## Exercise
Retype nothing except the lines below from the one with "Green Gem Boxwood" through the one with "Before, the upstairs", exactly, with images left out.

## Information shown
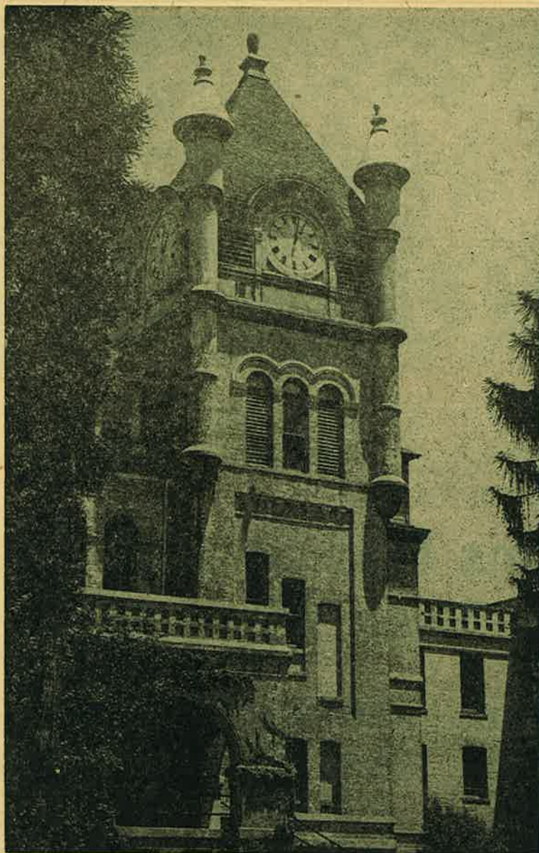
HISTORIC CLOCK TOWER—This clock tower dominated the skyline around the old FCC campus on O St.
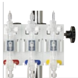
Patient or pole mounting for clinical flexibility
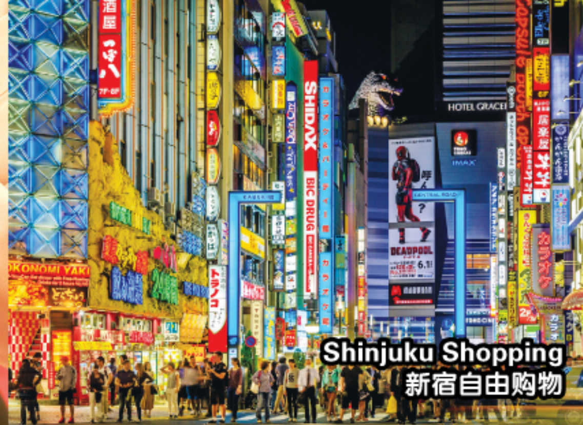
Shinjuku Shopping 新宿自由购物
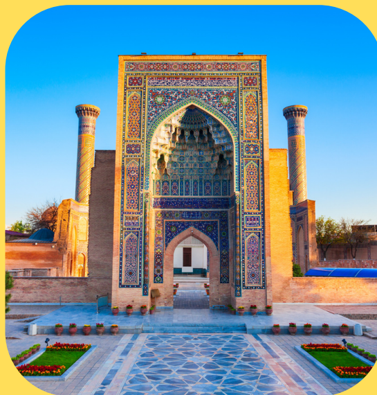
Amir Temur Mausoleum
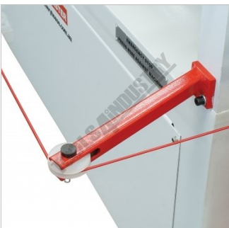
Safety Wire Interlock System
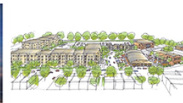
#5: EXCHANGE AT OLD TOWN DEPOT $45 million multifamily and commercial project on the site of a former car dealership.
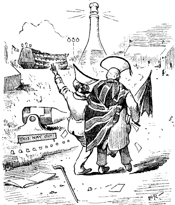
Mr. Punch's Representatives, after partaking of Chelsea Hospitality (a purely fancy sketch).

The Scribe and the Artist, on their visit, were invited by all sorts and conditions of men to partake of champagne. The moment it was discovered that they were "connected with the Press," the offerers of hospitality were absolutely overwhelming. But, obeying the best traditions of their order, they sternly, but courteously, refused all refreshment. It is fortunate they pursued this course, for had they received the entirely disinterested kindness of their would-be hosts, their recollections of the marvels of the Royal Naval Exhibition would no doubt have been of the haziest character imaginable. As it was, they were able to take their departure through the main entrance with some show of dignity, and not in a less imposing manner (as the Committee— Cook's Gallery near the Dining-rooms—ho! ho! ho! ha! ha! ha!—would probably and amusingly suggest), by Tite Street.
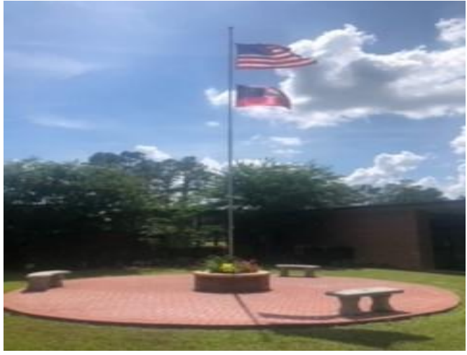
Fourth District Elementary School
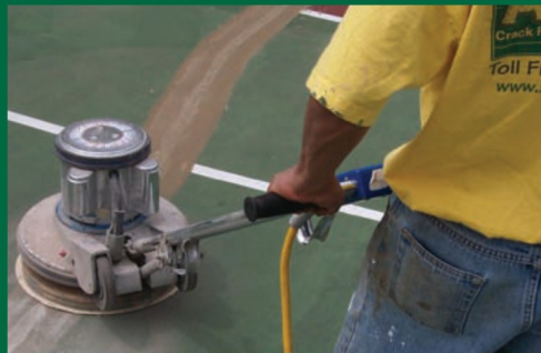
STEP 2: Sand flush to surface
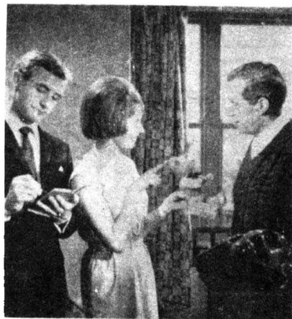
8. When he sees this he always stops crying at once
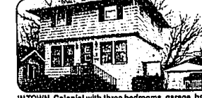
INTOWN Colonial with three bedrooms, garage, basement. Lots of windows, hardwood, french doors to family room. $109,000 (17FLO) 810-280-4777
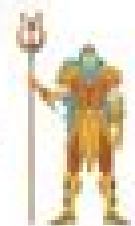
POSEIDON / NEPTUNE GOD OF THE SEA
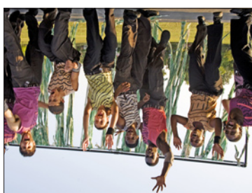
Pictured above: Local teens act in the STEP program at Herman Park last summer.
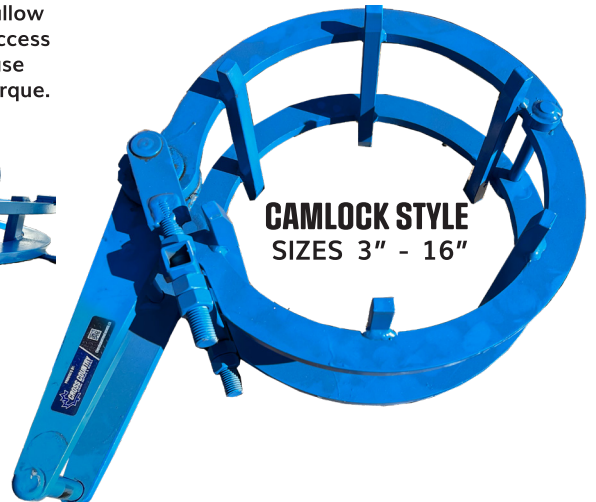
CAMLOCK STYLE SIZES 3" - 16"

Jack screws on the outside, to allow more weld access and increase tightening torque.
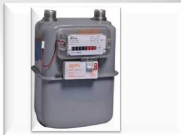
Gas Flow Meter Installations
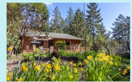
Peaceful Island Retreat
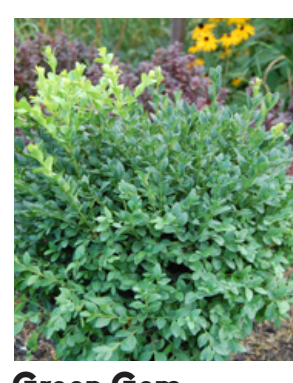
Green Gem Boxwood 31 <sup>49</sup> No. 3 pot. 'Reg. 4499
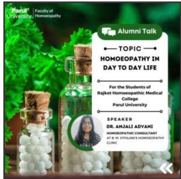
Alumni talk on Homoeopathy in day to day life at RHMC
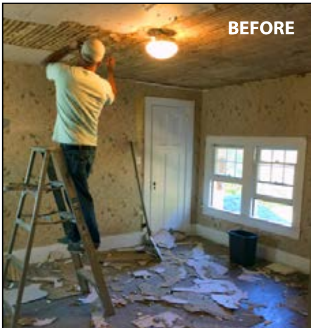
Before, the upstairs room had damaged and faded wallpaper. The ceiling and floor were timeworn. The lighting and electrical service needed attention.

Thanks to your generous help, we continue to make progress in repairing and refurbishing the McCoy home. A second upstairs room has been stripped of faded, peeling wallpaper. Walls and woodwork have been repainted. The floors are refinished, and light fixtures are being installed. Come and see!

## Response
Green Gem Boxwood 31 <sup>49</sup> No. 3 pot. 'Reg. 4499
Alumni talk on Homoeopathy in day to day life at RHMC
Before, the upstairs room had damaged and faded wallpaper. The ceiling and floor were timeworn. The lighting and electrical service needed attention.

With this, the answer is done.